Pre-training data increased from 23T to 28.5T tokens.

Those figures frame GLM-5 as a materially larger iteration compared with GLM-4.5, with architecture and training adjustments aimed at sustained, tool-driven workflows rather than single-turn code completions.

Benchmarks and claims

Z.ai reports GLM-5 beating GLM-4.7 on an internal suite, CC-Bench-V2, with wins across frontend, backend, and long-horizon tasks (benchmark thread). On the simulated economic task Vending Bench 2, GLM-5 finished top among open-source models with a final balance of $4,432, approaching closed-source models on long-term planning metrics (Vending Bench 2 tweet).

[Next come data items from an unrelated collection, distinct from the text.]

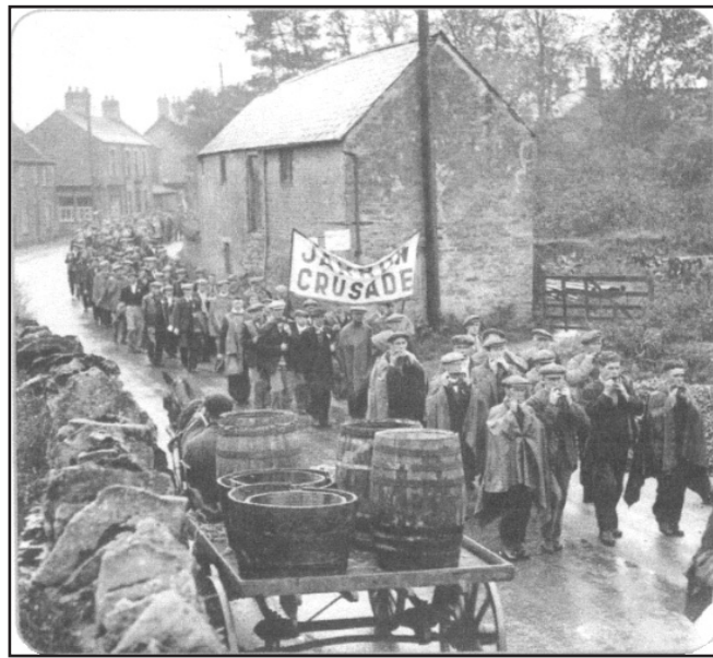
[A photograph of a protest by unemployed shipyard workers (1936)]

(a) Use Source A and your own knowledge to describe hunger marches. [3]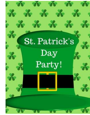
We had a great St. Patrick's Day Party with yummy food and drinks! Family and friends joined as well.

The answer can be found under the Notable Extras section on page 4.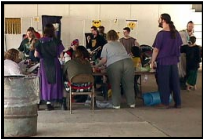
Well organized sign-ins allow for speedy entry, accurate attendance estimations, and a good record of who attended your event after it is over.

Security-o-crat - Responsible for event security and attendee safety. Responsible for enforcing site regulations as well as any state and local ordinances that might become relevant.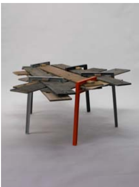
David Amar, 'Raymond', reclaimed wood and cast aluminum image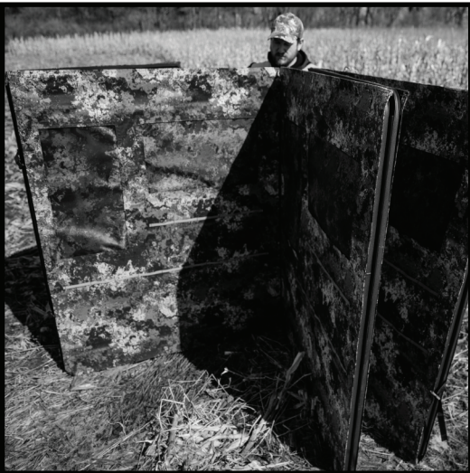
STEP 3: Unattach the straps on end panels. Fold panels in an accordion style pattern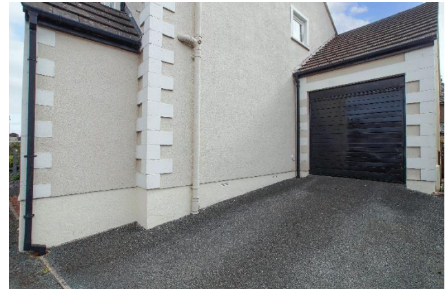
GARAGE & PARKING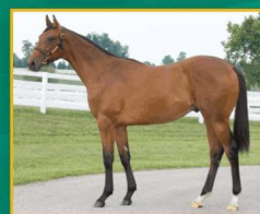
Hip 380 colt by Theatrical (IRE) o/o Miasma (Lear Fan)

977 Harp Innis, Lexington, KY 40511 Phone: (859) 293-6190 E-mail: info@monticule.com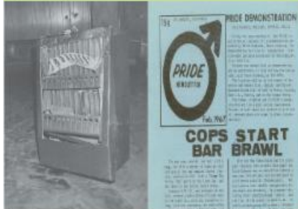
(Top left and bottom left) View of a damaged jukebox and cigarette machine, along with a broken chair, inside the Stonewall Inn (at Christopher Street) after a riot. (Top right) An unidentified group of young people celebrate outside the Stonewall Inn. The bar and surrounding area were the site of a series of demonstrations and riots that led to the formation of the modern gay rights movement in the United States.

These and other protests set the stage for the Stonewall Riots, which were a turning point in LGBTQ history. The riots began at around 2 AM on June 28, 1969 at the Stonewall Inn, a popular gay bar in New York's Greenwich Village. At the time, police departments across the United States routinely conducted raids of gay bars for illegally serving LGBTQ people. It was difficult for gay bars to hold on to liquor licenses because they were considered immoral establishments. Uncalled for ID checks, arrests, and police brutality were commonplace. But by this point, people had had enough.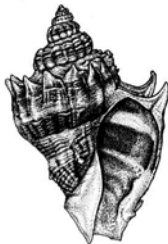
Florida Kings Crown Conch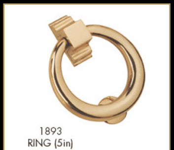
1893 RING (5in)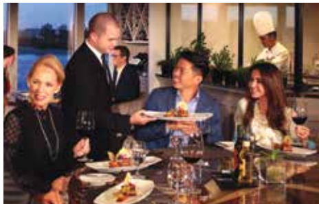
Delicious Cuisine at The Chef's Table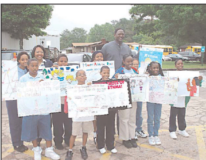
Dominique Wilkins with students at Tilson Elementary

"Asthma research is a lot better and new medicines... will help young people" Wilkins, 2003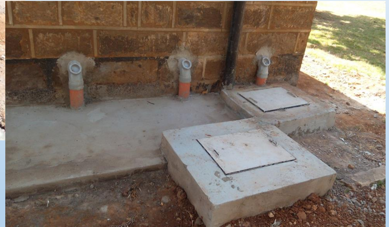
Septic area during/after construction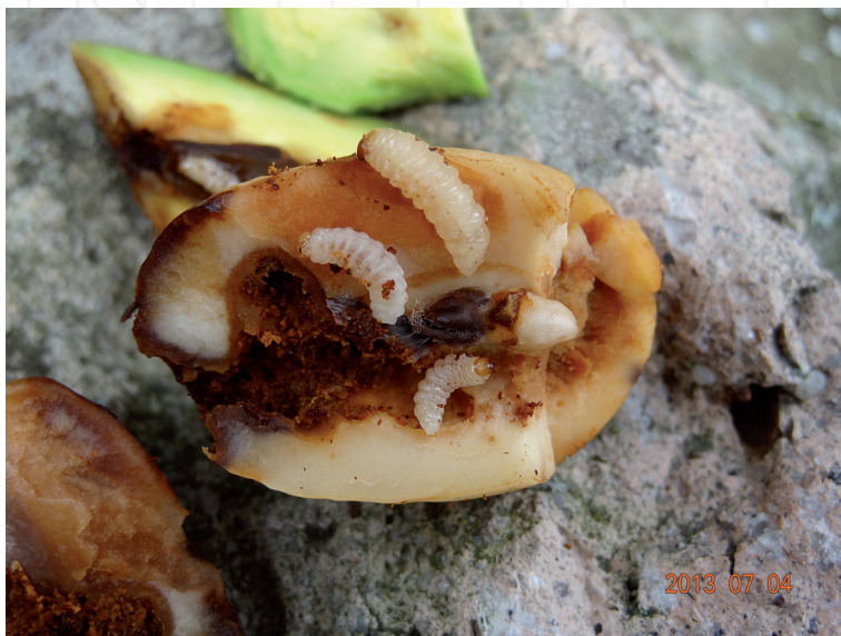
Figure 2. Damages in fruits by Heilipus lauri , big seed borer avocado.

Females drill and lay eggs directly in growing fruits ( Figure 2 ) causing its injury inside; once the larvae emerge, they feed through the pulp to reach the seed where it completes its life cycle. When heavy infestations are recorded and no management is used, infestations of larvae can damage up to 67% of the fruits; in orchards with management of the pest, it has been quantified losses of 3% [9].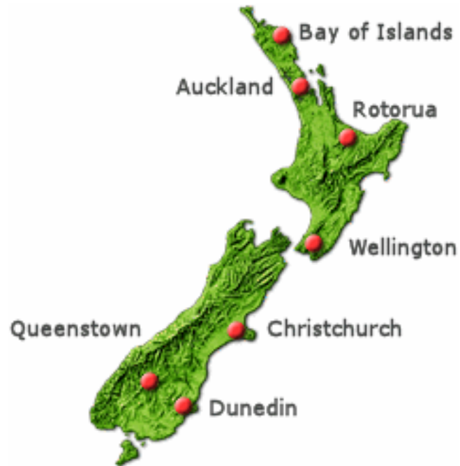
Figure 1: Tourism Locations in New Zealand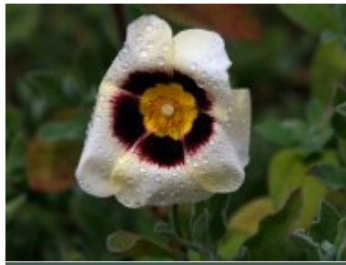
x Halimocistus wintonensis 'Merrist Wood Cream'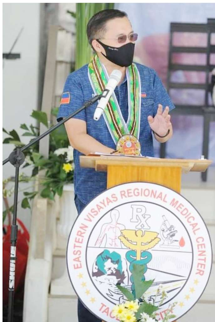
Senator Christopher Lawrence 'Bong' Go promised to allocate P10 million for the maintenance of the Malasakit Center at the Eastern Visayas Regional Medical Center during his visit on Thursday (March 18). During his visit, the senator donated facemasks and face shields to personnel and patients of the hospital.

The Malasakit Center in EVRMC started its operations on May 22, 2018 and served as a one-stop shop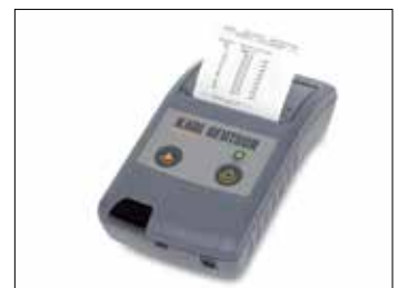
Mobile thermal printer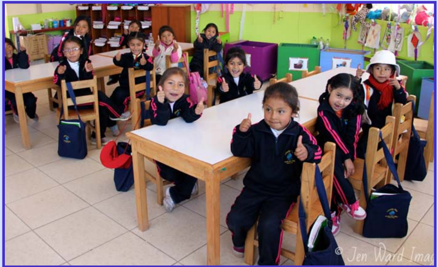
Please meet our 4 year old kindergarten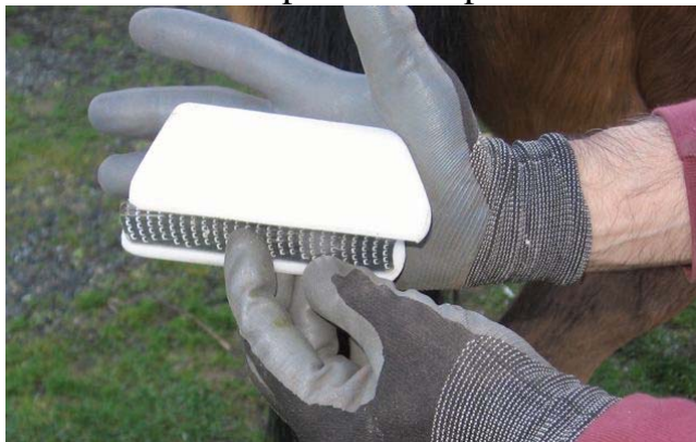
Heel of hand ‘pushes’ rasp: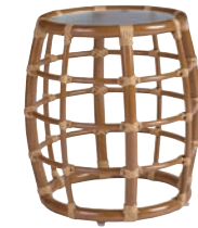
3360-952 Sandpiper Bay Round Accent Table 19 diameter x 20H in. Shown on Front Cover and pages 6 and 11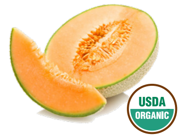
ORGANIC Cantaloupe California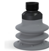
Variant reference: 96 35NR 14D-2-GIC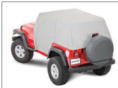
for 92-95 YJ & 97-06 TJ Wrangler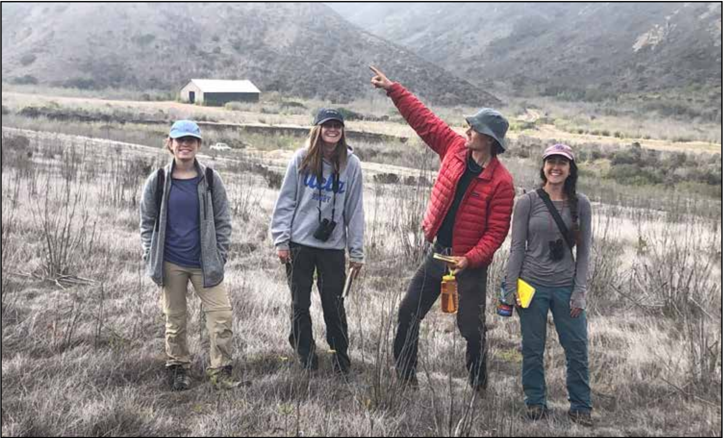
Interns gather on Santa Cruz Island in July 2021 to help observe if Western Meadowlark populations on each island have distinct song repertoires that are distinct from those of their mainland counterparts and from repertoires of populations on other islands.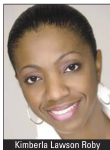
Kimberla Lawson Roby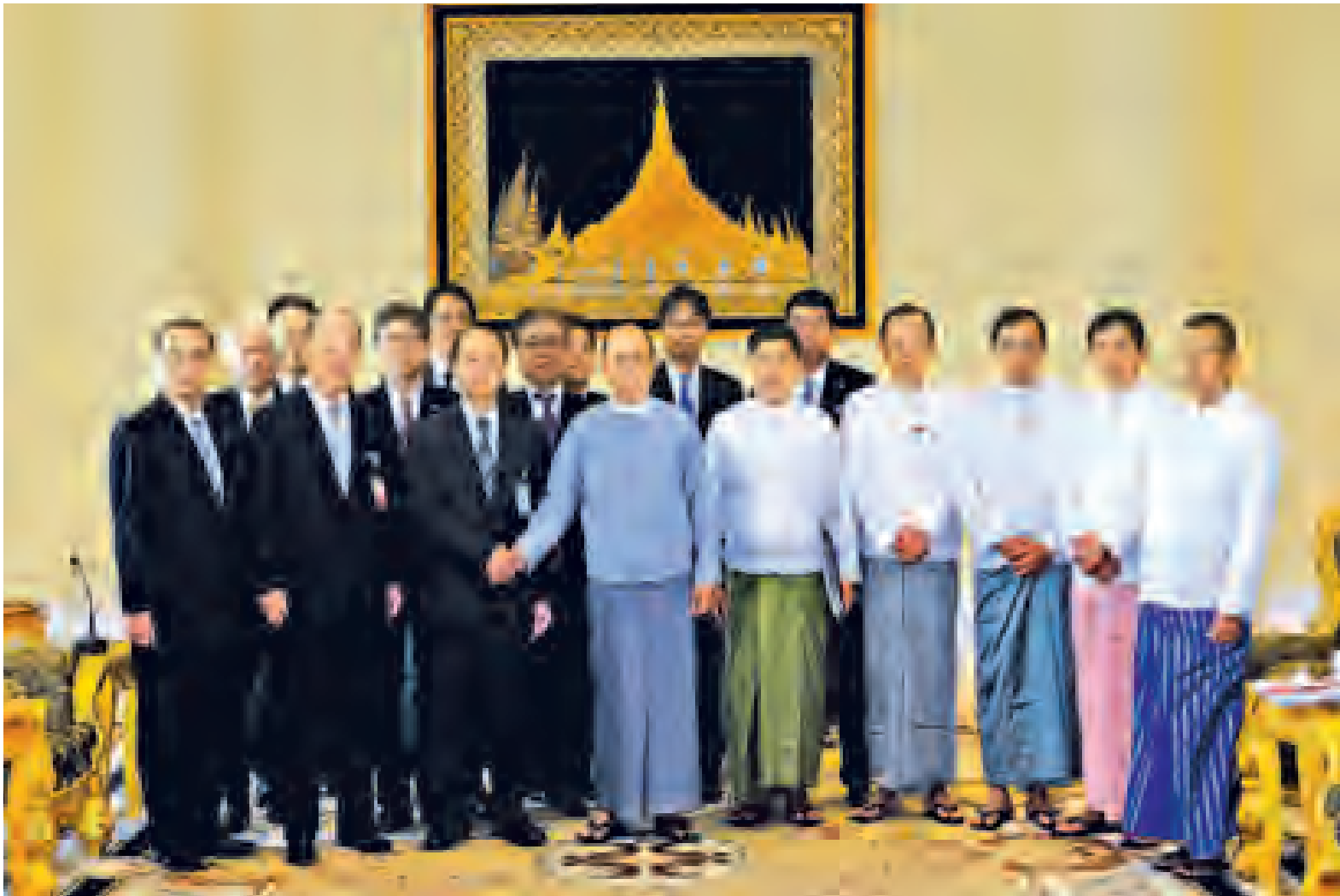
President U Thein Sein poses for documentary photo with Hiroto Izumi, Special Adviser to the Prime Minister of Japan.—MNA

NAY PYI TAW, 13 May— President U Thein Sein met a Japanese delegation led by Hiroto Izumi, Special Adviser to the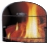
Clip-on fire screen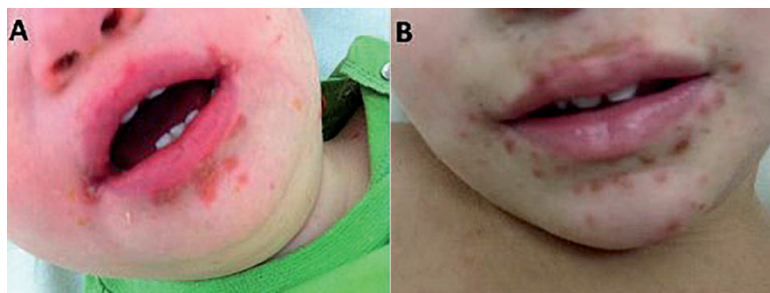
Fig. 3. (A) Perioral vesicles in patient 4. (B) Erosive erythematous papules in patient 8.

Despite increasing reports worldwide of CV-A6 atypical HFMD, clinicians are still unaware of this novel, yet common, childhood viral exanthem. All the patients reported herein were referred to the ER with various misdiagnoses, leading to futile admission, investigations, and occasional treatments. The phenotypic heterogeneity and the extensive distribution of the eruptions in our patients as well as in previous reports, argue that the term HFMD may be a misnomer for this viral exanthem. We sug-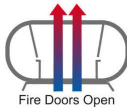
Fire Doors Open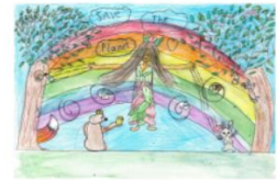
Powerful Plastic Pull

Emma Danca Water Colour Pencils, 30cm x 21cm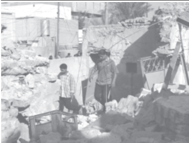
Iraqi youths walk across the roof of a damaged building following a US airstrike on Fallujah on 4 Oct, 2004. — INTERNET

Thirteen of the 80 US troops who died in Iraq in September were members of the National Guard or Reserve. —Internet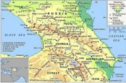
Caucasus Region located between the Black and Caspian Seas.

The northern kingdom of Israel went into captivity by the hand of the Assyrians who secluded them in the Caucasus Mountains area for that 390 years. (See maps)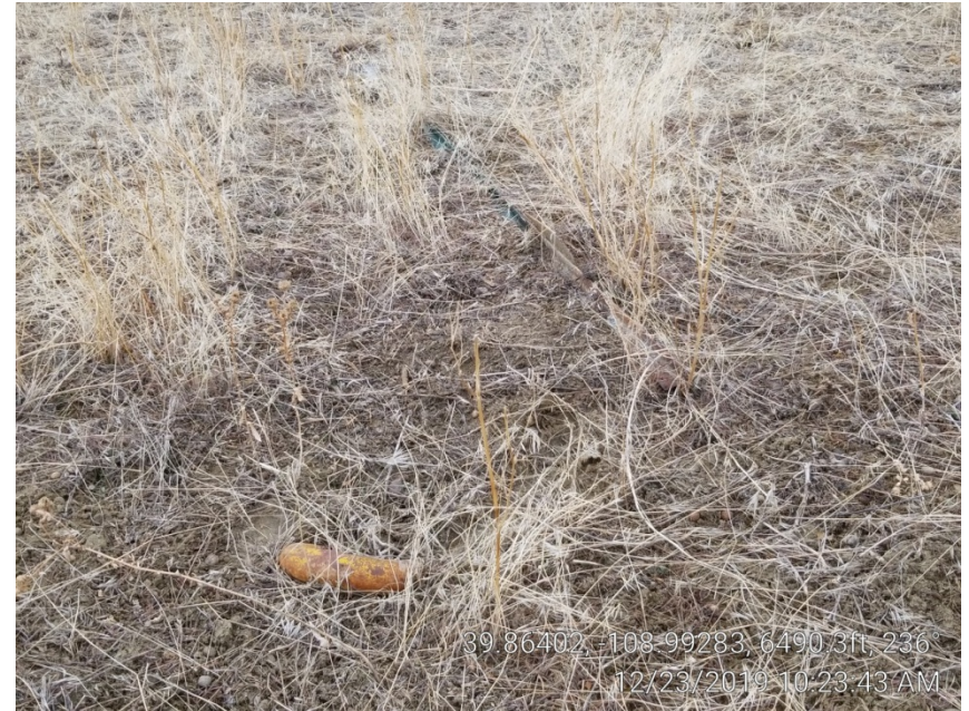
Photo 18. Fallen deadman marker.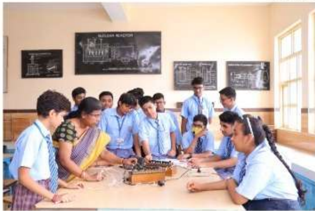
Physics Lab in action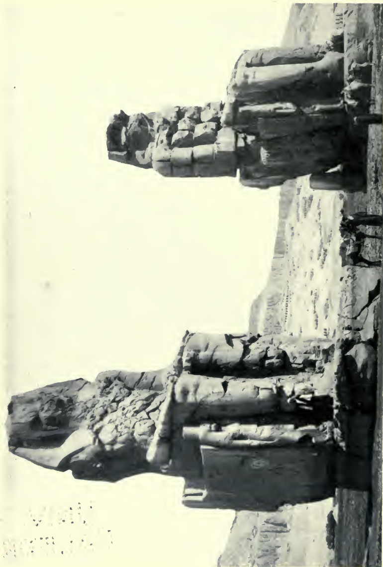
STATUES OF KING AMENHOTEP III. Pages 75, 79

Note the doors of tombs in the cliffs behind.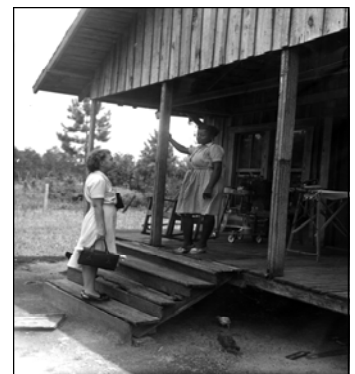
PHN Makes Home Visit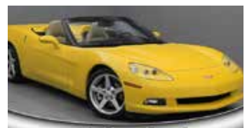
2006 CHEVROLET CORVETTE 2DR CONV $35,000 12681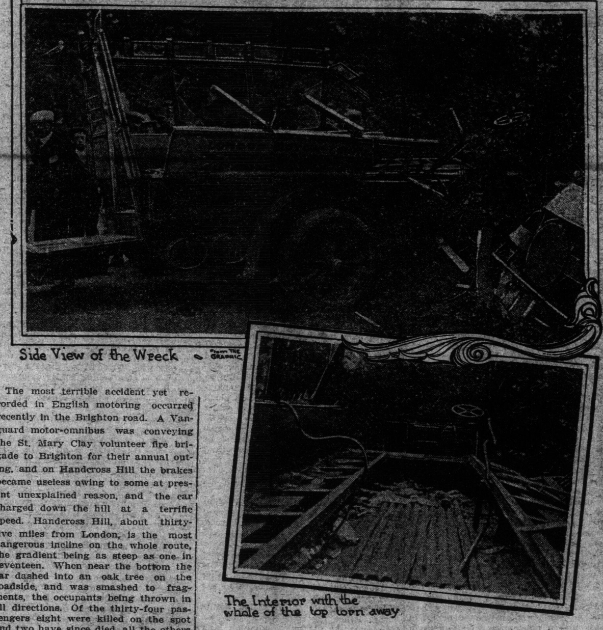
Side View of the Wreck and The Interior with the whole of the top torn away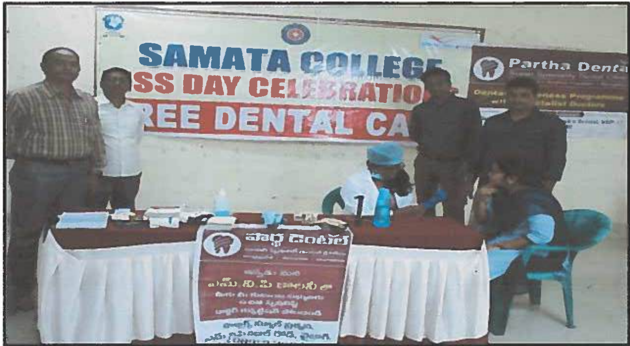
Students and Faculty Participating in Dental Camp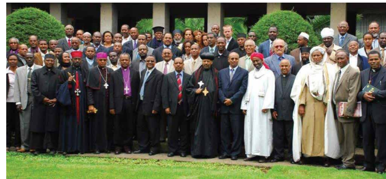
Participants of the first Inter faith dialogue forum on FGM and other harmful practices.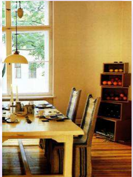
Elle Decoration – May/June '99

Use old wooden crates and stack them higgledy-piggledy (disorderly) to display fruit, wine or napkins.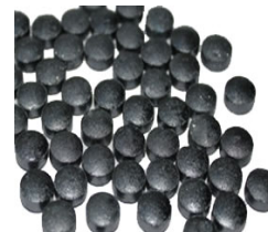
TiO 2 (Titanium dioxide)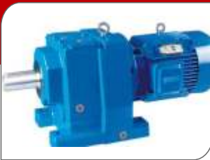
Helical Geared Motor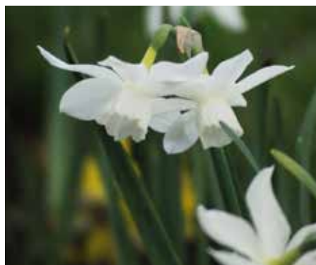
Narcissus Division 5: Triandrus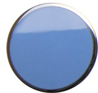
columbia blue NEW P7451C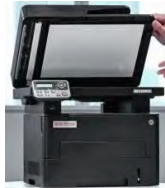
Aurora China (A4/Monochrome) AD338MNA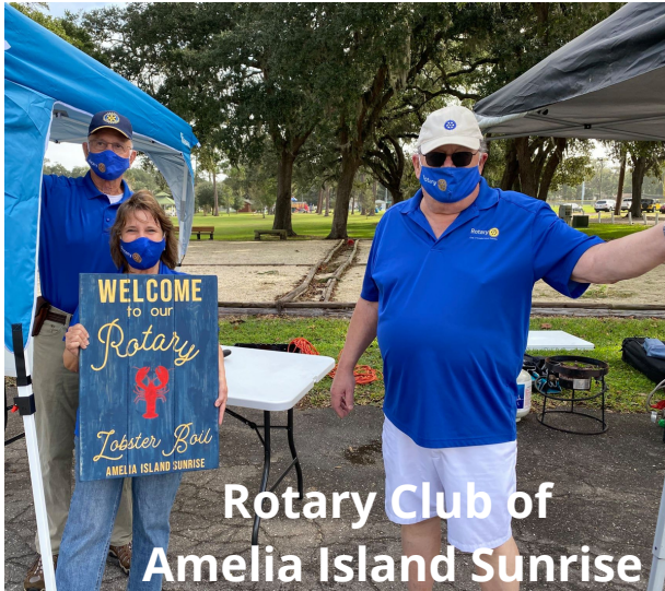
Rotary Club of Amelia Island Sunrise

Early community tests and comparisons are varied: several users praise coding and multi-agent behavior, while others call out latency and throughput issues — notably slower tokens-per-second performance in some deployments.

Availability, rollout, and weights

Access is being phased in for GLM Coding Plan subscribers due to compute limits:

Max plan users can enable GLM-5 immediately by changing the model name to "GLM-5" (example: ~/.claude/settings.json for Claude Code).
Other tiers will gain access progressively; requests to GLM-5 consume more quota than GLM-4.7. (Rollout note: https://t.co/Nk8Y98Il7s)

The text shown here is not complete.